Fine, I thought. Maybe if I'm lucky I'll make it home by midnight.
"Just be extremely careful."
Wesley looked hard at me. "All theories aside, two people have been murdered. The killer's still out there. The victimology, the motivation are sufficiently strange for me to believe anything's possible."
His words resurfaced more than once during the drive home. When anything is possible, nothing is impossible. One plus one does not equal three. Or does it? Sterling Harper's death did not seem to belong in the same equation as the deaths of her brother and Beryl. But what if it did?
"You told me Miss Harper was out of town the night Beryl was murdered," I said to Marino. "Have you learned anything more about that?"
"Nope."
"Wherever it was she went, do you suppose she drove?" I asked.

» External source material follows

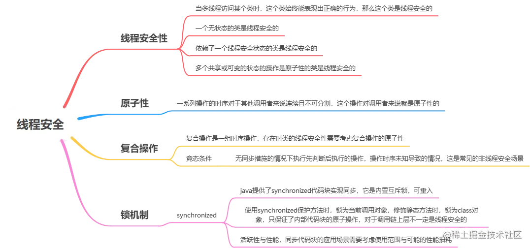 在线程安全性的定义中,最核心的概念是正确性。其含义是,某个类的行为与其规范完全一致,在良好的规范中通常会定义各种不变性条件来约束对象的状态,以及定义各种后验条件来描述对象操作的结果。因此,从正确性的角度定义线程安全性:当多线程访问某个类时,这个类始终都能表现出正确的行为,那么就称这个类是线程安全的。

"Nope. Only car the Harpers had was the white Rolls, and her brother had it the night of Beryl's death."
"You know that?"
"Checked it out with Culpeper's Tavern," he said. "Harper came in his usual time that night. Drove up just like he always did and left around six-thirty."
In light of recent events, I doubted anybody thought it the least bit strange when I announced at staff conference the following Monday morning that I was taking annual leave.
The assumption was that my encounter with Jeb Price had stressed me to the point I needed to get away, regroup, bury my head in the sand for a while. I didn't tell anybody where I was going because I didn't know. I just walked out, leaving behind a secretly relieved secretary and an overwhelmed desk.
Returning home, I spent the entire morning on the phone, calling every airline that serviced Richmond's Byrd Airport, the airport most convenient for Sterling Harper.
"Yes, I know there's a twenty percent penalty," I said to the USAir ticket agent. "You misunderstand. I'm not trying to change the ticket. This was weeks ago. I'm trying to find out if she ever got on the flight at all."
"The ticket wasn't for you?"
"No," I said for the third time. 'It was issued in her name."
"Then she really needs to contact us herself."
"Sterling Harper is dead," I said. "She can't contact you herself." A startled pause.
"She died suddenly right around the time of a trip she was supposed to go on," I explained. "If you could just check your computer…"
This went on. It got to where I could recite the same lines without thinking. USAir had nothing, nor did the computers for Delta, United, American, or Eastern. As far as the agents could tell from their records, Miss Harper had not flown out of Richmond during the last week of October, when Beryl Madison was murdered. Miss Harper hadn't driven, either. I seriously doubted she had taken the bus. That left the train.
An Amtrak agent named John said his computer was down and asked if he could call me back. I hung up as someone rang my doorbell.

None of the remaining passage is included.